Heat Map showing the transcript expression level of steroid receptors in ORNs and OE [36]. Deeper colors indicate a higher expression level.
In addition to progesterone, estradiol is another important female steroid hormone with various functions. Therefore, we screened the RNA-Seq data for possible estrogen receptors (Fig 1). In the ORNs, expression was detected for Esr1 and Gpr30 with FPKM values > 0.6, and Esr2 was not expressed. Additionally, we performed RT-PCR with OE mRNA to verify the RNA-Seq results for several progesterone and estrogen receptors (S1 Fig). To assess sex specific differences in the expression of steroid receptors, we used a cuffdiff analysis as previously described [36]; however, no sex-specific expression patterns were found (S1 Table).
Localization of progesterone and estradiol receptor proteins in the OE
The subcellular localization of receptor proteins for progesterone and estradiol in the OE, especially in ORNs, remains unknown. Thus, we examined receptor protein expression by immunohistochemistry. The results showed a subpopulation of mature ORNs with immunoreactivity for Paqr9 in the soma membrane and Paqr8 in the cilia membrane of mature ORNs (Fig 2). We also observed a pronounced cilia membrane expression of Gpr30 in the OE. Pgrmc1 could be weakly detected in cilia layer (S2 Fig).
Protein expression was assessed by staining coronal sections of OMP-GFP mice with anti-Paqr8, anti-Paqr9 and anti-Gpr30 antibodies. Left: GFP fluorescence (green) served to identify mature ORNs. Center: Paqr9 immunoreactivity (red) was observed in the soma membrane of a subset of mature ORNs, while Paqr8 and Gpr30 immunoreactivity was detected in the cilia membrane as indicated by the arrows. Right: Overlay of the GFP signal and antibody staining. Scale bar, 5 μm. Control staining with the secondary antibody showed low background (S3 Fig).

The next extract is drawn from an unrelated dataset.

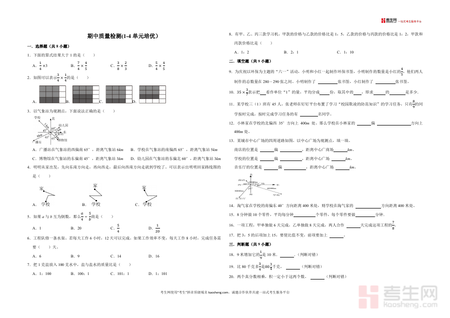 适用人群主要为广东省广州市2023-2024学年六年级的学生、数学学科教师及学生家长。对于学生而言,它能支持针对性复习与强化训练,帮助巩固已学知识并弥补不足;对于教师而言,可作为阶段检测的补充资源,辅助评估教学效果并调整教学计划;对于家长而言,能帮助监督孩子的学习进度与效果,共同推进期中备考准备工作。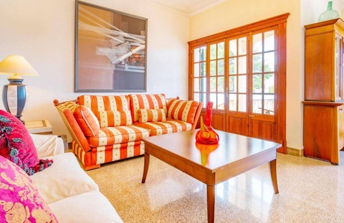 The interior of "Es Ferrutx" is classically elegant. The holiday home is - typical of traditional Mallorca - furnished with many beautiful old pieces of furniture, some of which are intricately carved. Shiny tiled floors, light-coloured walls and various wooden elements such as panelling and door frames are perfectly coordinated. In pleasant contrast, there are partly modern, colourful paintings on the walls. The house is very spacious, so that everyone can find their favourite spot and - especially if there are many fellow travellers - you can also withdraw from time to time. On the ground floor, there are two large living rooms, each with its own dining area, in addition to the stately entrance area and the well-equipped kitchen. Four lovingly furnished bedrooms, three of them with modern en suite bathrooms and one with a separate bathroom, complete the living offer on this level. A marble staircase leads to the upper floor, where there is another bedroom with bathroom. All bedroom and bathroom linen is included. Bath towels are also provided. This property comes with Free Wi-Fi.

Progesterone decreased odorant-evoked responses in a dose-dependent manner in the OE
Based on the evidence for mPRs in the cilia of ORNs, we hypothesized that progesterone may influence the odorant-evoked responsiveness of neurons. Therefore, we used submerged EOG recordings to measure the electrical activity of a large set of ORNs in the OE of adult female mice. During the recordings, we repetitively stimulated (stimuli interspaced 4 minutes to exclude adaptive processes) the OE with non-saturating concentrations of Henkel 100 as a complex odor mixture (1:5,000) for 500 ms. To determine the effects of progesterone on odorant-evoked responses, we measured the Henkel 100-evoked responses with and without preincubation with progesterone. After incubation with 1 μM progesterone for 4 minutes, we observed a reduced peak amplitude for Henkel 100 that was recovered after progesterone washout (Fig 3A). Progesterone decreased the amplitude of Henkel 100 responses to 72.8% of the control (n = 8, P < 0.01). After wash out, the response recovered significantly (P < 0.01) and the Henkel 100 evoked resonse was restored to 90.8 ± 2.3% of the control (Fig 3B). This effect was dependent on the duration of progesterone preincubation and reached its maximum after 4 minutes (Fig 3C). Prolonged preincubation with progesterone for 8 and 12 minutes did not lead to a larger reduction (data not shown). In control experiments, 1 μM progesterone alone induced no electrical responses in submerged EOGs.
(A) Representative submerged EOG esponses to Henkel 100 (1:5,000) were recorded from the surface of the septum from female mouse OE. The first response was recorded as a control, the second response was recorded after a 4-min progesterone preincubation (1 μM) and the third response was recorded after progesterone washout. The amplitude value was decreased after application of progesterone, but recovered after progesterone washout. (B) The graph shows the relative amplitude of the response to Henkel 100, Henkel 100 after progesterone preincubation and after progesterone washout. The response was significantly decreased after preincubation with 1 μM progesterone to 72.8 ± 3.6%, but it recovered to 90.8 ± 2.3% of the starting value after progesterone washout (n = 8). (C) Representative submerged EOG measurements of the responses to Henkel 100 (1:5,000) recorded from the surface of the septum of female mice during (red) and without progesterone (black) incubation. After 2 min of progesterone preincubation, the response decreased. After 3–4 min of preincubation, the response was maximally decreased. (D) Representative submerged EOG responses to Henkel 100 (1:5,000) under control conditions (black) and 4 min after progesterone preincubation at different concentrations (red). (E) Relative reduction in peak response to Henkel 100 after progesterone preincubation at different concentrations (0.1 nM: 11.9 ± 2.1% (n = 3), 1 nM: 18.4 ± 3.1% (n = 3), 10 nM: 22.0 ± 11.4% (n = 4), 100 nM: 31.4 ± 7.3% (n = 4), 1 μM: 37.9 ± 2.2% (n = 4), and 10 μM: 48.8 ± 2.1% (n = 4)). Progesterone reduced the peak response in a dose-dependent manner. Significant data are labeled: *p ≤ 0.05, **p ≤ 0.01 and ***p ≤ 0.001.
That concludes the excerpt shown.